Note: Only bytes for active controllers are stored. If a movie has two 6-button controllers (2 bytes each) and one 3-button controller (1 byte each), each frame will occupy 5 bytes.

Optional Chunks

These chunks are optional for a GM2 file.

Console Events

  ID: 'consevnt'
It makes more sense for these to go in frame data. An extra 1 byte per frame is not a big deal, especially if these are being compressed. +

Saved States-------------

  ID: 'states  '
This chunk contains one or more unordered saved states. This allows viewers to skip to another level or to watch a level over again with minimal effort. *
Chunk format: +
  4-byte number of states+
State format:
  4-byte state name length
  state name (decided by recorder)
  4-byte state length
  state data (uncompressed)

Subtitles

  ID: 'subtitle'
This chunk contains one or more strings and associated data to be displayed during the movie. These do not need to be sorted. Each string is stored as follows:
  4-byte size of string (in bytes)
  string data
  2-byte x-coordinate (upper left corner of first letter)
  2-byte y-coordinate
  4-byte text color (red,green,blue,transparency, stored as 0xRRGGBBTT)
  4-byte border color (rgbt)
  4-byte first frame to display text
  4-byte last frame to display text

Text-only Format

This format exists to simplify hexediting, since manually hexediting the binary GM2 format is non-trivial. This format will consist of only ASCII characters and will be very easy to edit with any text-manipulation tool. Gens will be able to read from and write to this format natively. Because it is intended for editing, this format will not contain any corruption detection measures such as a CRC checksum. Line separators may be either unix-style ('\n') or DOS-style ('\r\n').

Header

The header will consist of the following 7 characters in the first line,
  GM2TEXT

Generic Text-only Chunk

Each chunk will occupy one line and will consist of the following fields, with no separation:
  8-character chunk name
  base-64 encoded chunk data, not including chunk header
  1-character ASCII exclamation mark ('!')

Text-only Frame Chunk

Because this chunk is intended for editing, all data will be encoded into human-editable text. The format will appear as follows, one line for each field:
  8-character chunk name ('frames   ')
  recorded controlers ('controllers_recorded:1,1,1,0,0,0,0,0') *
  controller types ('controller_types:2,1,2,0,0,0,0,0')
Note: Because editing is likely to change the number of frames, the frame count is explicitly excluded from this data. It must be derived from the number of frames. Note: The values on the 'controller_types' line represent the following controllers: 1, 2, 1b, 1c, 1d, 2b, 2c, 2d.

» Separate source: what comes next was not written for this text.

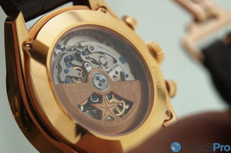 Below a sapphire crystal one can admire the movement (Calibre El Primero 4035 D: 381 components, 35 jewels and 36,000 VpH), which from this perspective differs not all that much from a conventional El Primero.

After this, the chunk will contain frame data conforming to the following BNF description:

  lines             := lines line |
                       line |
                       "!" "\n"
  line              := frame-comment ":" button-lists "\n"
  frame-comment      := non-colon-char frame-comment |
                       ""
  non-colon-char    := a-zA-Z0-9,./<>?;'"{}[]\|~!@#$%^&*()_+=-
  button-lists      := button-lists "," button-list |
                       button-list |
                       ""
  button-list       := controller-number button-chars
  controller-number := 1-8
  button-chars      := button-chars button-char |
                       ""
  button-char       := UuDdLlRrAaBbCcSsXxYyZzMm
It is recommended that Gens store the number of each frame before the colon to make editing simpler, however Gens must ignore this information when reading the file because editing may cause it to become inconsistent.

The end of this chunk will consist of an ASCII exclamation mark at the end of a line.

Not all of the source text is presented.